The title cut is generally considered the album’s centerpiece.  “Tempest” is an epic, 45-verse, 14-minute telling of the sinking of the Titanic, set to a simple, fiddle-driven Irish tune.  So much happens in the song that it defies summary, but one notable aspect is Dylan’s homage to the way Hollywood and history now are inextricably entwined in our minds.  Thus, Leonardo di Caprio appears, as Leo (and not the character he played in the movie), right alongside real historical figures like John Jacob Astor.  Why Dylan chose this topic (other than our enduring fascination with the tragedy) is unknown, although a good guess might be because the doomed ship stands as a metaphor for the innate frailty of human life, where the rich and the poor, the good and the bad, the brave and the cowardly, the gambler and the clergyman—none is spared.  All of us, riding our own personal ship of fools, are “sinking/Into the deep blue sea.”

Finally, there is “Roll On, John,” the hauntingly beautiful elegy that closes Tempest.  John Lennon was murdered over thirty years ago, but Dylan has never before written about the loss of his old friend.  Now he lays John to rest with a style, grace, poetry, melody … and love … that are heartbreaking.

In the end, even his own words will not suffice, and he reaches back for William Blake and a child’s prayer:

Tyger, tyger, burning bright,

I pray the Lord my soul to keep,

In the forests of the night,

Cover him over and let him sleep…

 

Roll on, John…

For many, Bob Dylan is a decidedly acquired taste.
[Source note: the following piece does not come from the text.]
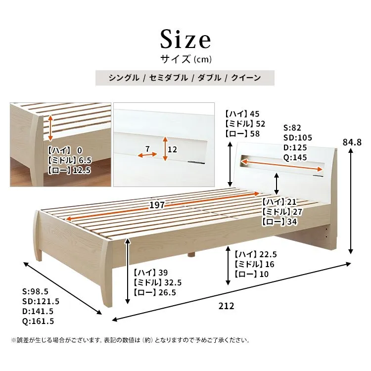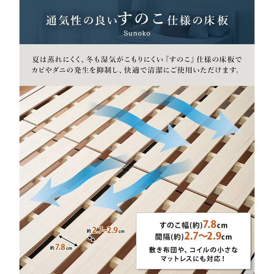 【床板からフットボードのはみ出る部分】高:0/中:6.5/低:12.5 ・すのこ厚み:約0.8 ※誤差が生じる場合がございます。

Many more cannot acquire it at all. Dylan is too dense, too abstruse, too arrogant, too difficult, too silly, too politically incorrect, too poor a singer, choose your favorite complaint. One reviewer actually called him senile and/or insane. Thus is genius always treated. Hold a mirror up to people’s faces and a lot of them aren’t going to like what they see.

But miss out on Tempest and you’ll miss an extraordinary experience that deepens with each listening. As the late Kurt Vonnegut would say, so it goes.